Contribution short abstract:

Imperial power is expressed in the will to possess, name, know, and preserve the culture of ‘others’. We must remake the museum otherwise. Practices from southern Mexico can challenge anthropologists to redefine ‘the museum’ – and the meaning/making of collections and 'authenticity'

Contribution long abstract:

In this roundtable contribution, I point to two museums in San Cristobal de Las Casas to argue that a radically expanded conceptualisation of ‘the museum’ is a necessary feature of efforts towards decolonising praxis.
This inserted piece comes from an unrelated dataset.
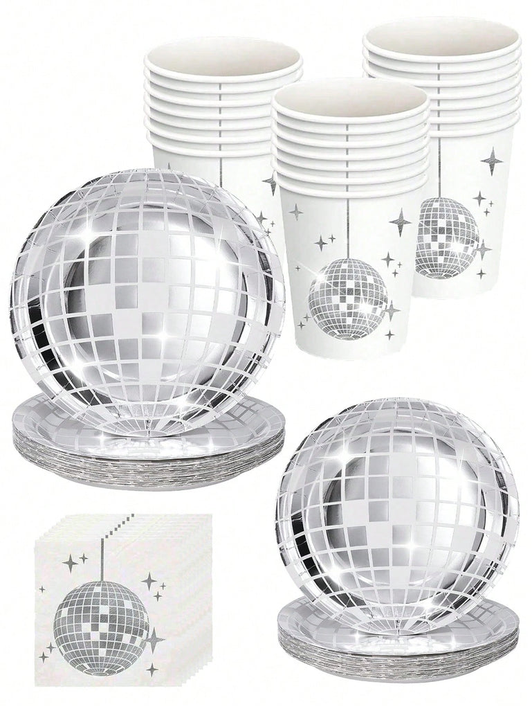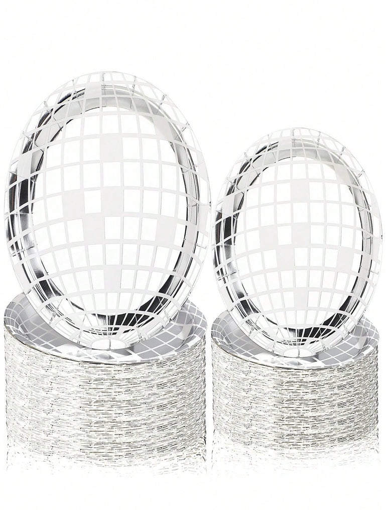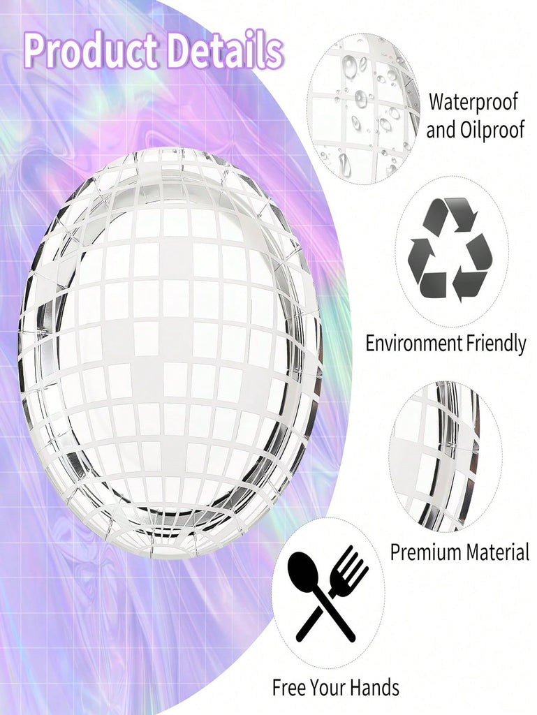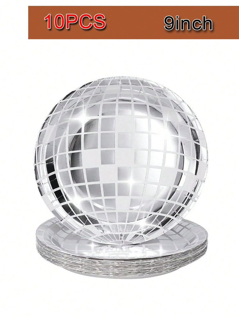 10pcs Disco Paper Plates, Silver Foil Disposable Paperboard Plates, 70s Disco Party Supplies, Bachelor Board Disco Ball Dessert Dinner Board Birthday 70s Disco Party Wedding Includes 7 "/9" Plates, 9OZ Paper Cup, Napkins

Attention to how museums are being reimagined, de- and re-constructed by Indigenous communities, outside of large institutions and geographic centres of power, reveals novel reparative methods and new forms of generative knowledge production already in play – paradoxically overlooked because they sit outside of, and challenge, eurocentric frames.

The Kakaw Museo del Cacao teaches the history and culture of cacao. Its collection of objects is valuable, but none are ‘real’. ‘Mayan codices’ are flanked by interpretation noting the whereabouts of the originals – Bodleian Libraries; Museo de America (‘Códice Madrid’); Dresden Library (‘Códice de Dresde’) – but the analysis is authored, assertively, by the Kakaw team. Downstairs, traditional chocolate-making workshops offer ‘authenticity’ otherwise.

Museo Migrante (MuMi) is a pop-up framework of photographs, political education texts (in Tzotzil), and craft resources. It is (re)constructed and filled in with drawings, reflections, paper cranes and figures at each site it occupies – in agricultural fields, village squares, remote schools. Its ‘collection’, exploring the intersections of migration, Indigeneity and rights, is ever-changing; always fleeting. It is a site of knowledge-production and sharing reserved for its makers alone.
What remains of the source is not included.